От этих слов у меня закружилась голова, и я вынуждена была прислониться к стене.

– Кристина, – спросил Михал, – ты что, больна?

– Нет-нет, – выдавила я из себя улыбку, – это так. Ничего…

– Ты постой тут, а я пойду к папе, – сказал он, – так папа велел…

Все было ясно: мне нужно уйти. Но я не могла. Стояла, словно прикованная. Я подумала: можно ли считать грехом то, что я сделала с собой или, скорее, с другими? Отец, а теперь вот она… Я знала твою жену только по фотографии. Красивое, спокойное лицо. Короткие темные волосы, темные глаза, смешливый носик. На тех фотографиях вы были вместе, обнимались и смеялись, глядя в объектив. Сначала, рассматривая те снимки, я испытывала обыкновенное любопытство, потом к нему прибавилась боль… Но я осознавала, что делаю, и где-то в глубине души ожидала такой конец.

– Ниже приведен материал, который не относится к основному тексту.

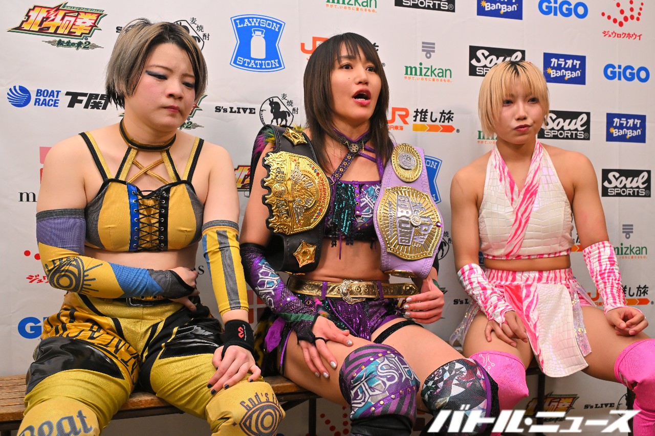 朱里らは沈痛な面持ちでバックステージに現れ、朱里が「今日沙希が引退発表をしれっと言って走って行っちゃったんですけど、自分自身話は聞いていました。すごく……しれっと言ってたけど、さみしい気持ちがすごくあるんですけど……本人はすごく考えて出した結果・決断だと思っています」と語る。

Другого я не заслуживала. Я пришла в этот дом с улицы. Сначала присвоила себе ее одежду, а потом любовь сына и твое сердце. Это не могло остаться безнаказанным, за такую кражу надлежало заплатить. Я должна повернуться и уйти. В неизвестность. Что с того? Марысю это не должно касаться. Но я все стояла в этой арке, Анджей. Я все стояла…

И вдруг увидела тебя. Ты шел быстрым шагом через двор. Я хотела сделать безразличное выражение лица, даже пыталась выдавить из себя улыбку, но была не в состоянии. Я не владела своим лицом. И вообще собой. Во мне все распалось на отдельные частички. Казалось, что я уже никогда не смогу себя собрать. Ты подошел ко мне, но я не успела заглянуть тебе в лицо и увидеть в глазах знакомое выражение беспокойства.

Ты прижал меня к себе.

– Кристина, – услышала я твой голос, – успокойся. Я все тебе сейчас объясню, пойдем…

Мы отправились в кондитерскую на углу, куда я когда-то носила пончики, которые пекла твоя мама. Мы сели за столик, точнее, ты усадил меня за него. Я была не в состоянии выбрать место. Даже это решение казалось мне слишком трудным. Я видела перед собой только твое лицо. Ты смотрел мне в глаза.

– Кристина, – сказал ты, – нам немного сложнее стало жить, но мы вместе и должны быть вместе. Ты знаешь это не хуже моего…

Я кивнула, потому что не могла выдавить из себя ни единого звука.